- Я взглянул на часы - половина второго.
- Ну, трех часов с половиной я ждать не стану.
- Да вы не приедете ли после?
- Я живу не меньше трех миль от Ноттинг-Гиля. Впрочем, - прибавил я, - у меня никакого спешного дела к господину губернатору нет.
- Но господин губернатор будет очень жалеть.
- Так вот мой адрес.
Прошло с неделю, вечером является длинный господин с длинными усами венгерский полковник, с которым я летом встретился в Лугано.
- Я к вам -от господина губернатора: он очень беспокоится, что вы у него не были.
- Ах, какая досада. Я ведь, впрочем, оставил адрес. если б я знал время, то непременно поехал бы к Кошуту сегодня - или... - прибавил я вопросительно, - как надобно говорить, к господину губернатору?
- Zu dem Olten, zu dem Olten21, - заметил, улыбаясь, гонвед. - Мы его между собой всё называем der Olte.

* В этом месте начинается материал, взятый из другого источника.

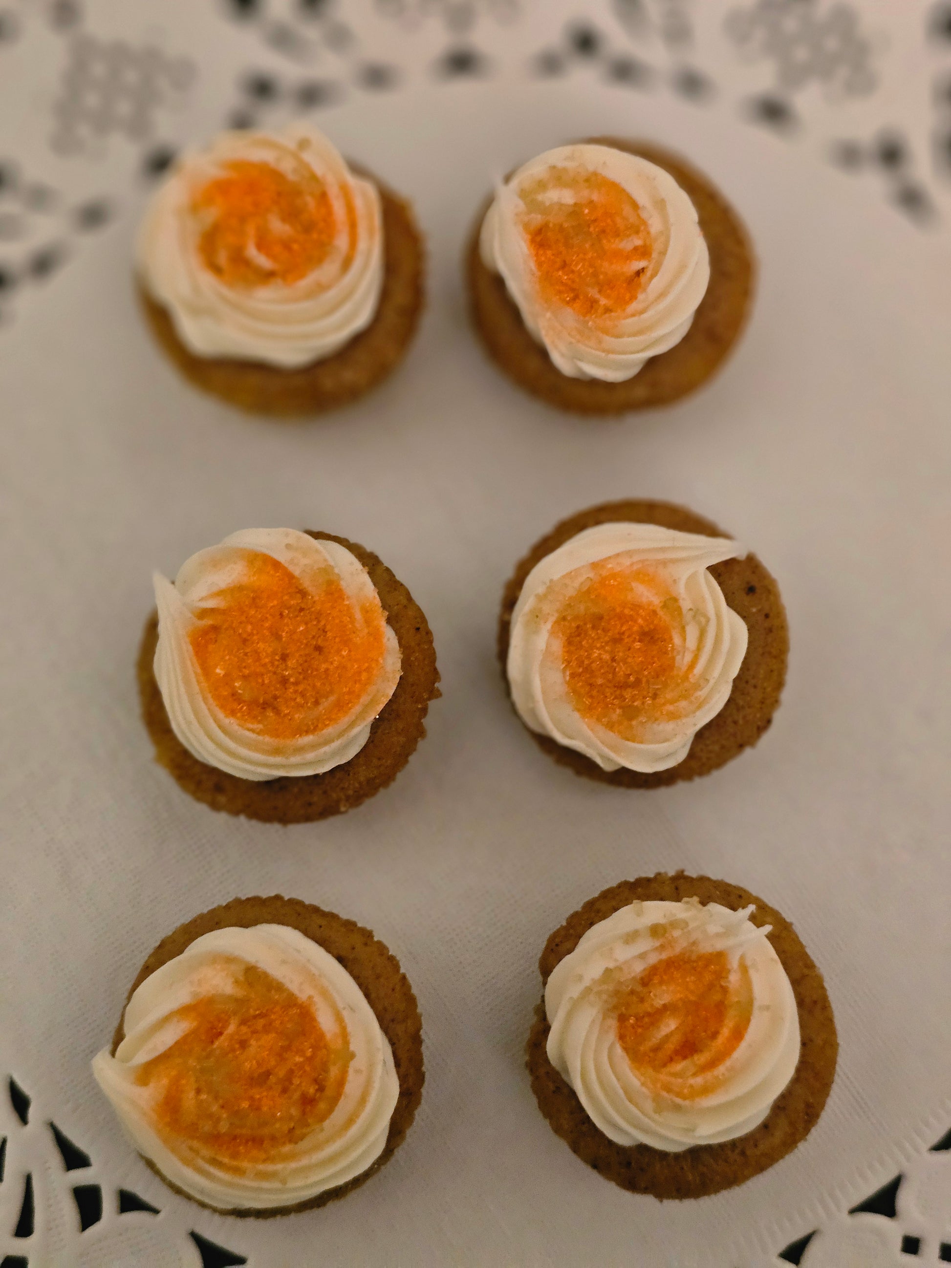 Bite-sized velvety pumpkin pound cake muffins blended with cinnamon, nutmeg, ginger, and cloves, topped with cream cheese icing and vanilla sugar.

Вот увидите человека!.. такой головы в мире нет, нe было и... - полковник внутренне и тихо помолился Кошуту.
- Хорошо, я завтра в два часа приеду.
- Это невозможно, завтра середа, завтра утром старик принимает одних наших, одних венгерцев.
Я не выдержал, засмеялся, и полковник засмеялся.
- Когда же ваш старик пьет чай?
- В восемь часов вечера. (17)
- Скажите ему, что я приеду завтра в восемь часов, но, если нельзя, вы мне напишите.
- Он будет очень рад - я вас жду в приемной.
На этот раз, как только я позвонил, длинный полковник меня встретил, а короткий полковник тотчас повел в кабинет Кошута.
Я застал Кошута, работающего за большим столом; он был в черной бархатной венгерке и в черной шапочке; Кошут гораздо лучше всех своих портретов и бюстов; в первую молодость он был, вероятно, красавцем и должен был иметь страшное влияние на женщин особенным романически задумчивым характером лица. Черты его не имеют античной строгости, как у Маццини, Саффи, Орсини, но (и, может, именно поэтому он был роднее нам, жителям севера) в печально кротком взгляде его сквозил не только сильный ум, но глубоко чувствующее сердце; задумчивая улыбка и несколько восторженная речь окончательно располагали в его пользу. Говорит он чрезвычайно хорошо, хотя и с резким акцентом, равно остающимся в его французском языке, немецком и английском. Он не отделывается фразами, не опирается на битые места; он думает с вами, выслушивает и развивает свою мысль, почти всегда оригинально, потому что он свободнее других от доктрины и от духа партии. Может, в его манере доводов и возражений виден адвокат, но то, что он говорит, - серьезно и обдуманно.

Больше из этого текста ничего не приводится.